Building datasets
You will learn more about the structure and design of the ETL in the next section.
Every step in the dag has a URI. URIs allow us to uniquely identify any step (or node) throughout the whole ETL. This allows us to reference datasets (and use them) when building a new dataset.
For example, the Human Development Reports (by the UNDP):
data://garden/un/2022-11-29/undp_hdr
See also
Dry-runs
See what steps would be executed to build the undp_hdr
dataset by running:
$ poetry run etl --dry-run data://garden/un/2022-11-29/undp_hdr
Detecting which steps need rebuilding...
OK (0s)
Running 4 steps:
1. snapshot://un/2022-11-29/undp_hdr.csv...
2. snapshot://un/2022-11-29/undp_hdr.xlsx...
3. data://meadow/un/2022-11-29/undp_hdr...
4. data://garden/un/2022-11-29/undp_hdr...
The first two listed steps are snapshot://
steps, which when executed will download upstream snapshots of the dataset to the data/snapshots/
folder. The last two steps are data://
steps, which will generate local datasets in the data/
folder.
meadow
and garden
channels
In the above example, you can indetify different channels in the URIs: meadow
and garden
, followed by the same string un/2022-11-29/undp_hdr
. These represent different levels
of curation of a dataset (in this example, the UNDP HDR version 2022-11-29 dataset).
garden
datasets are good to go, whereas meadow
datasets have not been curated enough to be used in production environments. We will explore these nuances later on.

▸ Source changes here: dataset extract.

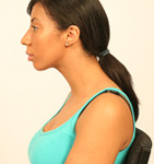 This posture is common in individuals that sit at a desk for their entire days’ work. The effort of looking at a computer screen often results in people developing overly tight muscles at the front of the neck and relatively weak muscles at the upper back and neck. This type of postural abnormality is easily corrected with stretching and strengthening exercises to correct the muscular imbalance that has developed.

Note that you can skip the full path of the step, in which case it will do a regex match against all available steps:
$ poetry run etl --dry-run undp_hdr
Detecting which steps need rebuilding...
OK (0s)
Running 4 steps:
1. snapshot://un/2022-11-29/undp_hdr.csv...
2. snapshot://un/2022-11-29/undp_hdr.xlsx...
3. data://meadow/un/2022-11-29/undp_hdr...
4. data://garden/un/2022-11-29/undp_hdr...
5. data://grapher/un/2022-11-29/undp_hdr...
Note that here there is an extra dataset listed, with prefix data://grapher/
, as it matches the query (its URI contains the query text "undp_hdr").
Generate the dataset
Now let's build the dataset, by removing the --dry-run
option:
$ poetry run etl data://garden/un/2022-11-29/undp_hdr
Detecting which steps need rebuilding...
OK (0s)
Running 4 steps:
1. snapshot://un/2022-11-29/undp_hdr.csv...
OK (5s)
2. snapshot://un/2022-11-29/undp_hdr.xlsx...
OK (5s)
3. data://meadow/un/2022-11-29/undp_hdr...
2023-04-19 22:28.41 [info ] undp_hdr.start
2023-04-19 22:28.44 [info ] undp_hdr.end
OK (5s)
4. data://garden/un/2022-11-29/undp_hdr...
2023-04-19 22:28.46 [info ] undp_hdr.start
2023-04-19 22:28.47 [info ] undp_hdr.harmonize_countries
2023-04-19 22:28.47 [info ] undp_hdr.format_df
2023-04-19 22:28.47 [info ] undp_hdr.dtypes
2023-04-19 22:28.47 [info ] undp_hdr.sanity_check
2023-04-19 22:28.47 [info ] undp_hdr.creating_table
2023-04-19 22:28.47 [info ] undp_hdr.end
OK (3s)
Let's confirm that the dataset was built locally:
$ ls data/garden/un/2022-11-29/undp_hdr/
undp_hdr.feather
undp_hdr.meta.json
undp_hdr.parquet
index.json
Several files got built for the dataset: index.json
gives metadata about the whole dataset, and the remaining three files all represent a single data table, which is saved in both Feather and Parquet formats.
Parallel execution
There's a flag etl ... --workers 4
you can use to run the ETL in parallel. This is useful when rebuilding large part of ETL (e.g. after updating regions).